ERROR OGG-01668 Oracle GoldenGate Delivery, rkafka.prm: PROCESS ABENDING.
Within the properties file for the Kafka handler (dirprm/kafka.props
) I increased the logging level
gg.log.level=DEBUG
and restart the replicat. Now we get a debug file written to dirrpt/RKAFKA_debug_log4j.log
which includes successful work:
[...]
[main] DEBUG (UserExitDataSource.java:1190) - Received txInd is: WHOLE RBA is: 4939
[main] DEBUG (KafkaHandler.java:484) - Process operation: table=[ORCL.SOE.LOGON], op pos=00000000000000004939, tx pos=00000000000000002437, op ts=2016-09-06 10:59:23.000179
[main] DEBUG (KafkaHandler.java:529) - Creating the producer record and sending to Kafka Producer
[main] DEBUG (NonBlockingKafkaProducer.java:64) - Sending producer record to Non Blocking kafka producer
[main] DEBUG (NonBlockingKafkaProducer.java:76) - NBKP:send(): Returning status: OK
[main] DEBUG (PendingOpGroup.java:316) - now ready to checkpoint? false (was ready? false): {pendingOps=18, groupSize=0, timer=0:00:00.000 [total = 0 ms ]}
[main] DEBUG (UserExitDataSource.java:1401) - applyQueuedConfigurationChanges: on Operation? false
[main] DEBUG (UserExitDataSource.java:2342) - UpdateActivityTime call received
[...]
but then a failure, matching the more high-level message we got previously in ggserr.log
:
DEBUG 2016-09-06 15:50:52,909 [main] DEBUG (KafkaHandler.java:484) - Process operation: table=[ORCL.SOE.CUSTOMERS], op pos=00000000000000006636, tx pos=00000000000000002437, op ts=2016-09-06 10:59:23.000589
INFO 2016-09-06 15:50:52,910 [main] INFO (AvroOperationSchemaGenerator.java:36) - Generating the Avro schema for the table [ORCL.SOE.CUSTOMERS].
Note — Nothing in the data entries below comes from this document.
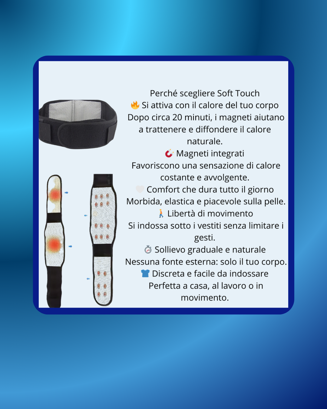 Soft Touch è una fascia lombare con tormalina e tecnologia magnetica integrata, progettata per favorire una sensazione di calore naturale e continuo nella zona bassa della schiena.
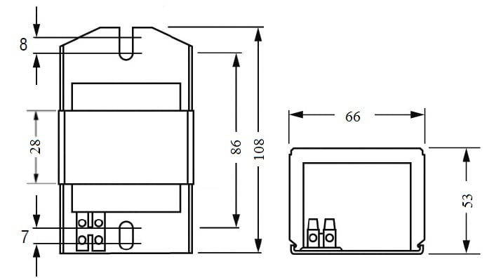Alimentatori ferromagnetici da incorporare, classe I. • Resinatura in poliestere sotto vuoto. • Temperatura limite di avvolgimento Tw 130°C. • Morsetti a vite per cavi di diametro 0,5 - 2,5 mm2.
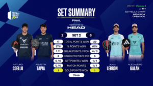Arturo y Agustín, al comenzar el segundo set, quisieron cambiar como se estaba desarrollando el partido. Eso no fue porque no pudieran, sino porque Galán y Lebrón no les dejaron. Un 4-0 de inicio con dos breaks hicieron que los nº3 fueran mucho más tranquilos. Su pádel era de otro planeta porque nadie podía pararles. Esto decantó ya el resultado que finalmente sería para Juan y Ale. Arturo y Tapia aun así quisieron entrar al partido aunque fuera tarde queriendo reaccionar. Los 1 hacían dos juegos seguidos poniendo el 4-2 con un break. Eso sí, no fueron capaces de mantener el servicio que les metía de lleno en el partido y tras algunas definiciones perfectas de Galán, ponían el 5-2 con otro break. Con todo esto, Galán y Lebrón se ponían en la peor situación posible, cerrar un partido, que dicho por algunos jugadores, es el punto más difícil.
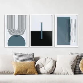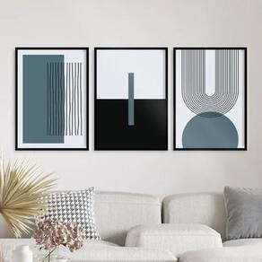 Kit 3 quadros abstrato azul petróleo linhas arcos 45x34cm Cor: moldura preta Informações do produto tire todas as suas dúvidas no descritivo abaixo: decoração para quarto, sala, cozinha, escritório, área gourmet e muito mais. Chega de paredes vazias. Medidas - cada peça tem 45x34cm a3 . Material do papel - papel fotográfico brilhante de altíssima resolução acabamento - todos os quadros são acompanhados de uma película de acetato para proteção da imagem. - os quadros são embalados de forma segura com plástico bolha com camada dupla de acordo com o tamanho dos quadros. - de 3 meses. Meu quadro chegou. Como posso fixá-lo Você precisa apenas de um martelo e um prego, pois os quadros já vão acompanhados de penduradores. Esta é a forma mais indicada. Caso prefira, você pode utilizar uma fita dupla face neste caso, sugerimos de alta qualidade para evitar que descole e seu quadro caia . Como posso limpar meu quadro A limpeza é feita como um móvel comum da sua casa. Apenas um pano seco ou espanador são suficientes para tal Marca: Não Informado
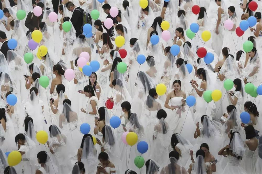 2016年10月7日,江苏苏州,908位身着婚纱的女子创造了一项“最多人装扮新娘聚会”吉尼斯世界纪录。
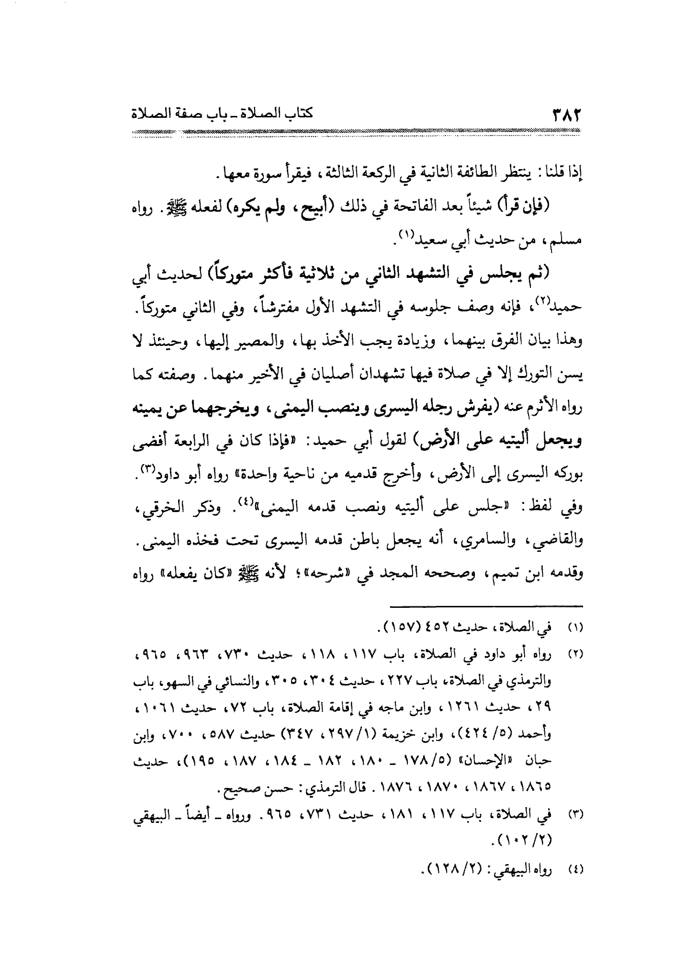 (¬٢) رواه أبو داود في الصلاة، باب ١١٧، ١١٨، حديث ٧٣٠، ٩٦٣، ٩٦٥، والترمذى في الصلاة، باب ٢٢٧، حديث ٣٠٤، ٣٠٥، والنسائي في السهو، باب ٢٩، حديث ١٢٦١، وابن ماجه في إقامة الصلاة، باب ٧٢، حديث ١٠٦١، وأحمد (٥/ ٤٢٤)، وابن خزيمة (١/ ٢٩٧، ٣٤٧) حديث ٥٨٧، ٧٠٠، وابن حبان "الإحسان" (٥/ ١٧٨ - ١٨٠، ١٨٢ - ١٨٤، ١٨٧، ١٩٥)، حديث ١٨٦٥، ١٨٦٧، ١٨٧٠، ١٨٧٦. قال الترمذي: حسن صحيح.

ERROR 2016-09-06 15:50:52,914 [main] ERROR (AvroOperationFormatter.java:188) - The Avro Formatter formatOp operation failed.
org.apache.avro.SchemaParseException: Illegal character in: SYS_NC00017$
at org.apache.avro.Schema.validateName(Schema.java:1083)
at org.apache.avro.Schema.access$200(Schema.java:79)
at org.apache.avro.Schema$Field.<init>(Schema.java:372)
at org.apache.avro.SchemaBuilder$FieldBuilder.completeField(SchemaBuilder.java:2124)
at org.apache.avro.SchemaBuilder$FieldBuilder.completeField(SchemaBuilder.java:2116)
at org.apache.avro.SchemaBuilder$FieldBuilder.access$5300(SchemaBuilder.java:2034)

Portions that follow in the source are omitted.